Slowing heart rate with the drug ivabradine did not improve the long-term prognosis of patients with stable coronary artery disease and an elevated heart rate, and was linked to a surprise increase in cardiovascular deaths in those with angina, researchers have said.

Their study – the SIGNIFY clinical trial, reported at the European Society of Cardiology annual congress last week – tested ivabradine against placebo, on top of other standard therapies, in stable coronary artery disease patients with heart rates above 70 bpm.

This was after an earlier study suggested the drug conferred a survival advantage to such patients with elevated heart rates – particular those with angina.

But, despite lowering the heart rate by an average of 10 bpm, ivabradine did not result in any change in the primary endpoint – a combination of death from cardiovascular causes and nonfatal MI – compared with placebo.

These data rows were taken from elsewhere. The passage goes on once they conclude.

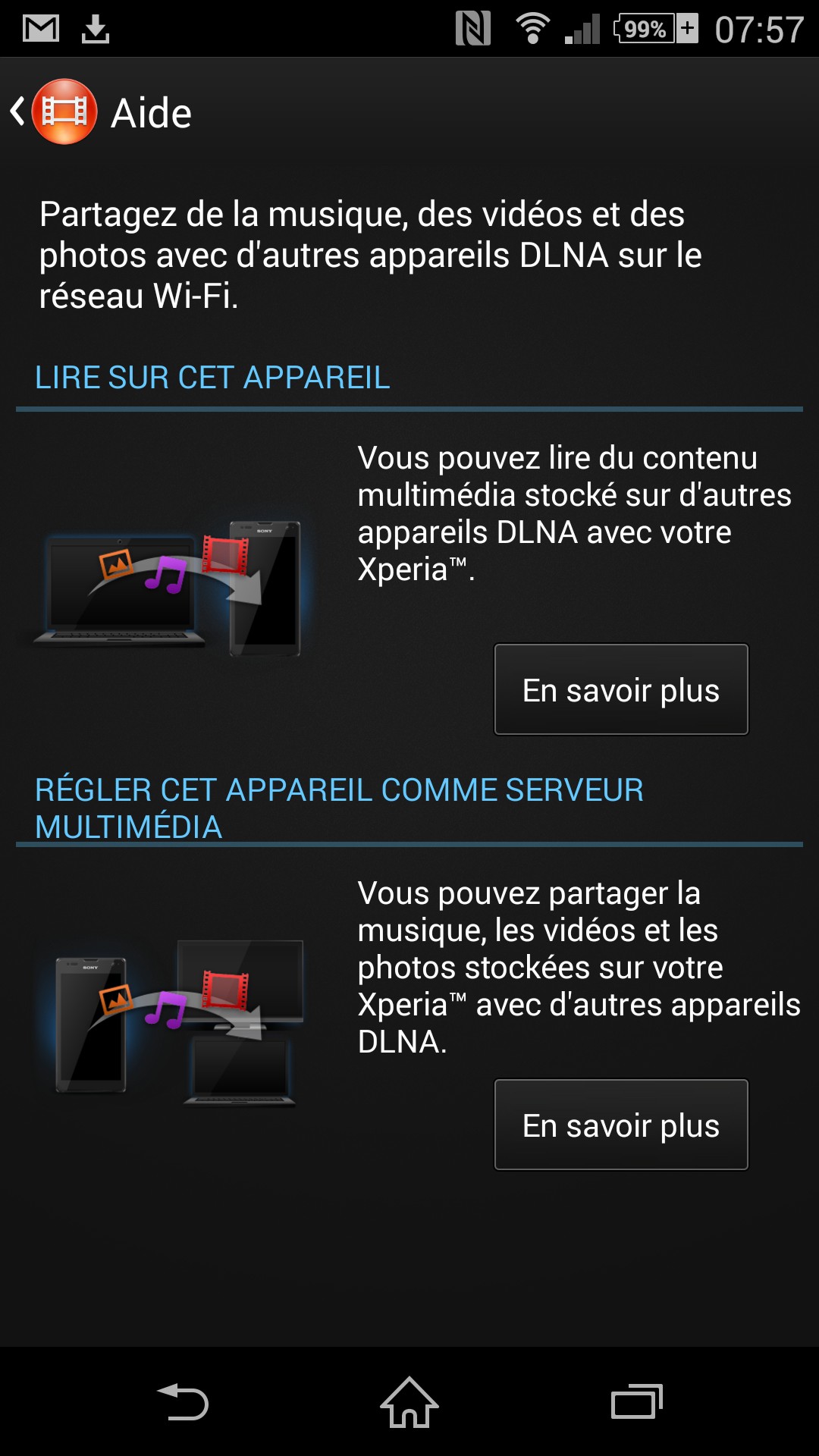 On apprécie l’effort de simplification proposé par Sony sur des sujets pas forcément triviaux. Le service le plus impressionnant est sans aucun doute constitué par l’application Throw qui concentre toutes les connexions sans fil : le NFC appelé « connectivité par simple contact »,  la technologie DLNA, appelée pour l’occasion « serveur multimédia », en passant par la traditionnel connexion USB, où Sony explique clairement la différence entre la connexion « stockage de masse » et « transfert multimédia ».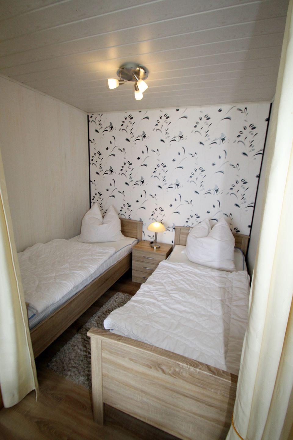 Der Schlafbereich ist durch einen Vorhang vom Wohnbereich abtrennbar und verfügt über zwei Standard-Einzelbetten und eine kleine Kommode.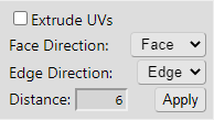 Then, open the Transform panel and scroll to the bottom to the Extrude section. Uncheck the Extrude UVs option so that extrusions use the Tilebrush UV coordinates for newly extruded tiles. Also, set the Distance to 6 pixels.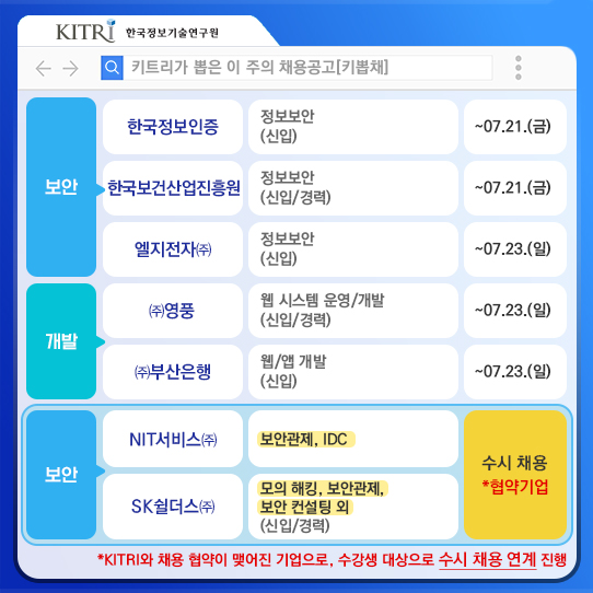 🎯KITRI가 뽑은 이 주의 채용공고!🎯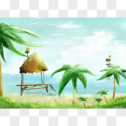 动漫椰子树大海草屋

A prespecified subgroup analysis also showed the drug was associated with a significant 18% increase in cardiovascular deaths and nonfatal MI among patients with angina (Canadian Cardiovascular Society scale score of two or higher).

The results – also released online in the New England Journal of Medicine during the conference – come after the European medicines regulator announced it had been informed by investigators of the increased heart deaths in angina patients, and would be conducting a review of the drug.

Dr Terry McCormack, secretary of the British Hypertension Society and a GPSI in cardiology in North Yorkshire, who is also one of the SIGNIFY trial investigators, told Pulse GPs should not be unduly concerned, however, because the doses used in the trial were much higher than usually prescribed – most patients in the trial were uptitrated to the top dose of 10 mg daily to hit the target heart rate of 55-60 bpm.

Dr McCormack emphasised that the drug should continue to be given at lower doses, for symptom relief, and that GPs should wait for the European Medicines Agency review to be completed before reviewing any patient on the drug.

He said: ‘There is going to be a European Medicines Agency statement at some point and people shouldn’t change anything before then.

‘The important point is the dose used in SIGNIFY wasn’t a dose used in primary or secondary care, the drug should be used ideally at 5 mg and definitely should not be given at 10 mg as in the trial.’